III. TEACHING PROCEDURES:
1) Anticipatory Set
a. Ask the students what they remember from Fridays lesson about the
Desert Southwest Indians.
i. Customs
ii. Culture
iii. Location
iv. Food, Shelter, Tools, Clothes
2) Development
a. Read through text pages 76-80 while pointing out main ideas about the
culture of the people and their lifestyle and why the two go hand in
hand.
b. Map out the different areas of the people in order to explain the
peoples needs and their resources.
c. Have the students compare/contrast the needs of the different cultures
mentioned and predict how it would affect their need for bartering.
3) Guided and Independent Practice/Assessment
a. Play School House Rock video about bartering to introduce the subject.
b. Point out the situations outlined by the video and the cultures
represented.
c. Have the students discuss/predict the possible challenges that these
specific groups might have.
i. Communication (common language)
ii. Different needs (based on location, etc.)
iii. Difficulty of comparing one object to another -> need for
currency
d. Bartering simulation:
i. Give each student a list of needs and a bag of goods
1. Discuss wants vs. needs (trading for color preferences)
ii. Tell them that they each need to end up with
1. 1 pencil
2. 1 Binder clip
3. 1 Pencil grip
4. 2 erasers
5. 1 piece of gum
iii. Tell them to walk around the classroom making barters with the
goal of getting each of these supplies.
iv. Forbid talking. Only allow hand gestures and drawings (no
words).

4) Closure
a. Have the students share their barters and their explanation for them.

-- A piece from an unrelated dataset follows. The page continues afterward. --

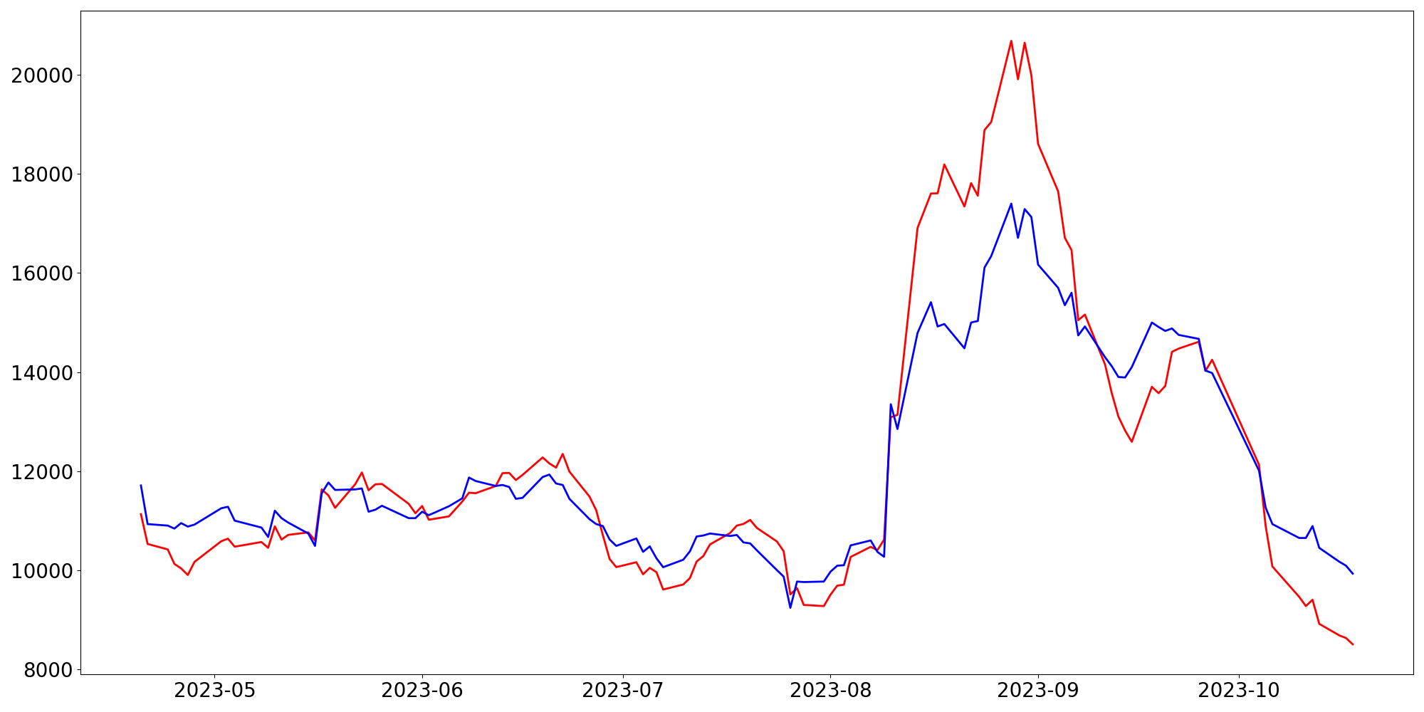 [ - : 실제값(종가) / - : 예측값(종가) ]

b. Have the students talk to the partner to discuss what they learned and
share what their partner said.
c. Have the students write why trade was important and why it was
important that a common language was created for bartering.
IV. MATERIALS:
a. History textbook
b. Maps
i. Regions of North America:
https://en.wikibooks.org/wiki/The_History_of_the_Native_Peoples_of_
the_Americas/Introduction__The_First_People_in_the_New_World#/media/File:NativeAmericanRe
gions_map_1.jpg
ii. Columbia River:
https://upload.wikimedia.org/wikipedia/commons/e/e4/Columbiarive
rmap.png
c. School House Rock Video: https://www.youtube.com/watch?

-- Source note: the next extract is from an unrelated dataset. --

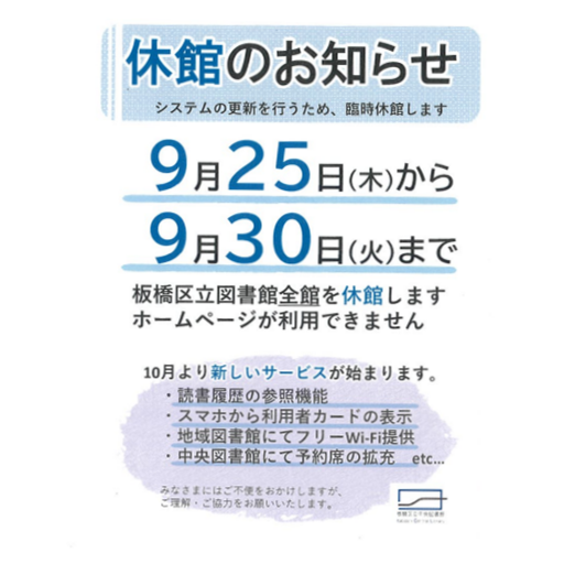 【9月休館のお知らせ】 9月25日(木)から30日(火)まで、システム更新のため板橋区立図書館全館で臨時休館いたします。 また、上記期間中HPの利用もできません。 ご理解、ご協力賜りますようお願い申し上げます。 #板橋区 #東板橋図書館 #臨時休館 pic.x.com/2888bX7uJF

v=wHY5cdExNa8&feature=share
d. Simulation bags
i. Pencils
ii. Erasers
iii. Pencil grips
iv. Gum
v. Binder clips
vi. Baggies
V. ADAPTATIONS/PLAN MODIFICATIONS:
a. Extra time: Ask the students to compare bartering then to bartering
today. (Trading cards, etc.)
b. Not enough time: Skip the School House Rock video
c. Struggling learners: Have the students partner up to do the simulation or
do a smaller example with a volunteer to make the idea more clear
through a more simple transaction. (Use an example of Pokemon Cards or
similar)
VI. EVALUATION:
1) Formative: Circulate during conversations. Ask for student responses (thinkpair-share). Write down notes about bartering transactions.
2) Summative: Discussion at the end of the lesson. Written responses to
questions at the end.
VII.
REFLECTION:
1) Did the students meet the lesson objective?

2) In what ways did this lesson go well? Not go well?

3) How could this lesson be improved in the future?